To evaluate speech perception under noise conditions, the Korean Speech Perception in Noise (KSPIN)18 was performed at the most comfortable level (MCL) for each subject with no noise (ie, quiet condition) and with two levels of noise composed of 20 multi-talkers’ babble (ie, +3 and 0 dB signal-to-noise ratios, SNRs). The presentation level of the KSPIN was initially set to the subject’s MCL in quiet and then adjusted under noise so that the sentences were equally loud independent of SNR. The test consisted of 40 sentences from a list and examined each condition. Sentence materials of Korean Speech Audiometry (KSA)19 were provided to measure speech perception ability under the fast-rate speech condition. To create two time-compressed conditions, 15% and 30%, Adobe Audition (v. 5.0; Adobe Systems, Inc., San Jose, CA, USA) was used. For the created conditions, the root mean square was applied to adjust the amplitude of each sentence, but the inherent characteristics of words, including fundamental frequencies, remained fixed. In the measurements of speech in noise and fast-rate speech, the sentences were produced by a female speaker recorded on a compact disk. Finally, the short-term and working memory capacity was assessed by the digit-forward and digit-backward span test. Both the tests consisted of a string of consecutive numbers from 0 to 9 in random order. One tester presented the test while maintaining a regular 1-second interval between number presentation.
The participants were tested for speech perception in noise using KSPIN sentences in quiet, noisy (+3 dB SNR), and very noisy (0 dB SNR) conditions.

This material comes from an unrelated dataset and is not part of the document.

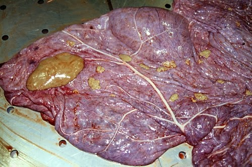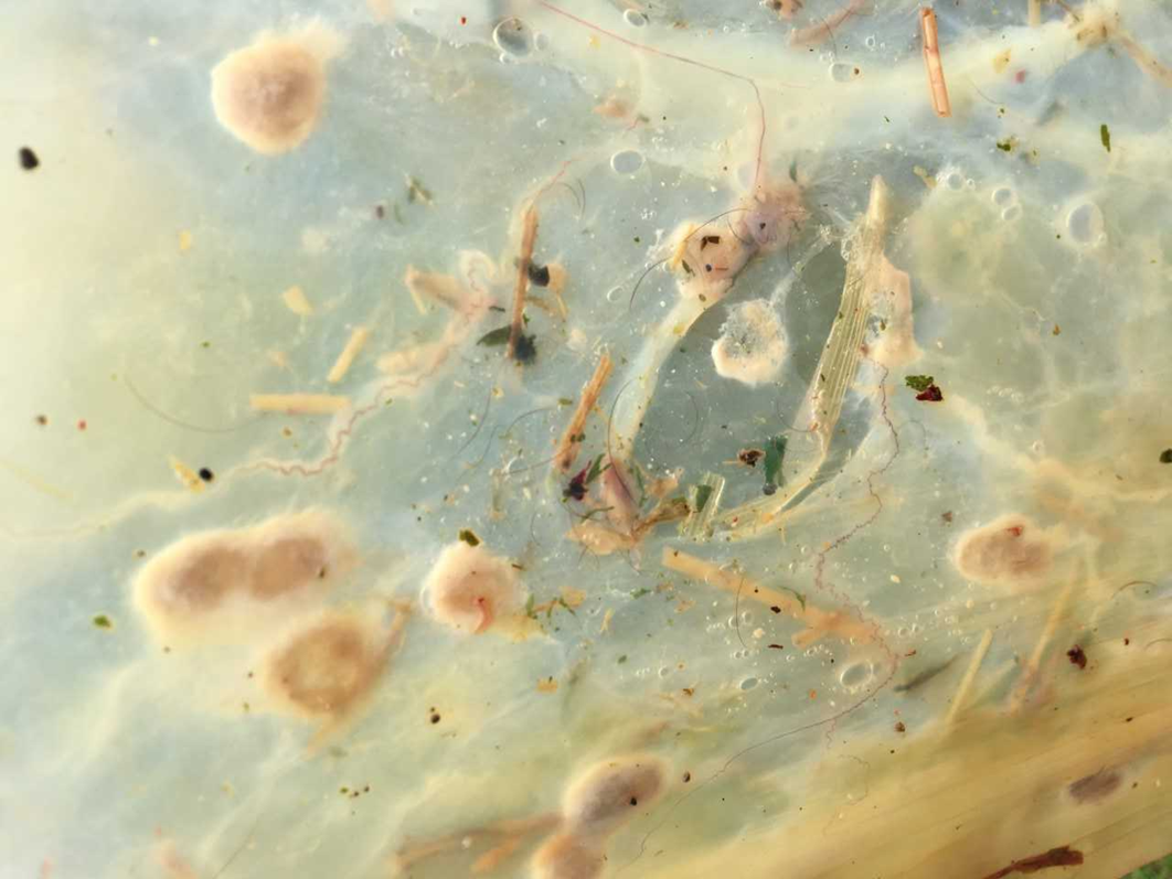 rubbery mass of fetal waste and mucus found in the allanotic fluid

They were also tested for speech perception under three conditions for speech rating: normal (0% compression), slightly fast (15% compression), and fast (30% compression) using the KSA sentences. During both the measurements, the participants were asked to listen to sentences played on the CD and then repeat them. A trained audiologist calculated total scores as percentages. Then the working memory capacity was measured by using forward- and backward-digit span in which the participants were asked to recall as many numbers as possible in order and in reverse order while listening to consecutive numbers. The test began with two to three consecutive numbers, increasing until the participant committed an error. The digit span defined the level at which 50% of the numbers was repeated.20 All three measurements were made by a presentation level of each subject’s MCL through a loud speaker located in 0 degree azimuth and 1 m distance from the subject. The speaker was connected to an audiometer (Model GSI 61; Grason-Stadler, Eden Prairie, MN, USA) in a sound isolation chamber.

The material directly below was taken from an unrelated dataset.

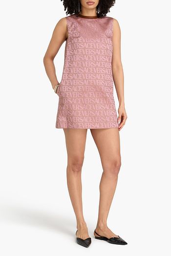 Pussy-bow floral-print silk crepe de chine mini shirt dress
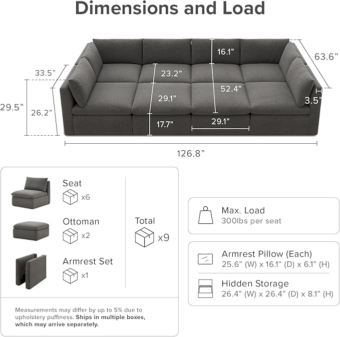 - Disclaimers: Colors may vary due to lighting and screen differences. Cushions are vacuum-packed and may take up to 7 days to fully expand. For best results, gently fluff and allow time to reach full volume. Measurements may differ by up to 5% due to upholstery puffiness. Ships in multiple boxes, which may arrive separately

Statistical analysis was performed using SPSS software (version 20; IBM Corporation, Armonk, NY, USA). The within-subject factors were noise levels (quiet, +3, and +0 dB SNR), time compression (0%, 15%, and 30%), and digit span (forward- and backward-digit tests), and the between factor was four groups with hearing loss. To find the main effect and interaction between the factors, each factor was analyzed by two-way analysis of variance (ANOVA) with repeated measure. If necessary, Scheffe post-hoc corrections were applied with multiple comparisons. The criterion used for statistical significance in this study was P<0.05.
Effect of speech perception in noise
The ANOVA confirmed a significant main effect for degree of noise (F(2, 192) =188.937, P≤0.001) and degree of hearing loss (F(3, 96) =20.124, P≤0.001). In the degree of noise, the quiet condition (mean: 86.90, SD: 1.24) showed a significantly higher percentage of scores than the +3 dB SNR (mean: 60.45, SD: 2.35), which was significantly higher than that in the 0 dB SNR condition (mean: 44.42, SD: 2.41). For degree of hearing loss, normal hearing groups (mean: 82.63, SD: 3.58) showed significantly higher scores than the three hearing-impaired groups. The mild hearing-impaired group (mean: 68.28, SD: 3.01) did not differ significantly from the moderate group (mean: 57.76, SD: 3.22), but was significantly higher than the group with moderate-to-severe hearing loss (mean: 47.03, SD: 3.22). No significant difference was observed between the groups with moderate and moderate-to-severe hearing loss.
Figure 2 indicates the average correct percentage for sentence identification of the four groups in three conditions while providing results of the post hoc test. In the quiet condition, the normal hearing, mild, moderate, and moderate-to-severe groups had 93.41% (SD: 3.67), 91.54% (SD: 6.57), 85.62% (SD: 8.83), and 77.05% (SD: 18.87) perception scores (P<0.05), respectively. In the noise condition of +3 dB SNR, speech perception scores decreased in all the groups (P<0.05). For example, the four groups scored 83.65% (SD: 11.54), 65.71% (SD: 28.16), 51.43% (SD: 19.36), and 41.00% (SD: 19.64). As noise increased, the four groups showed deteriorated perceptual scores, with 70.82% (SD: 19.11), 47.58% (SD: 26.59), 36.24% (SD: 21.36), and 23.05% (SD: 17.84) in those groups (P<0.05).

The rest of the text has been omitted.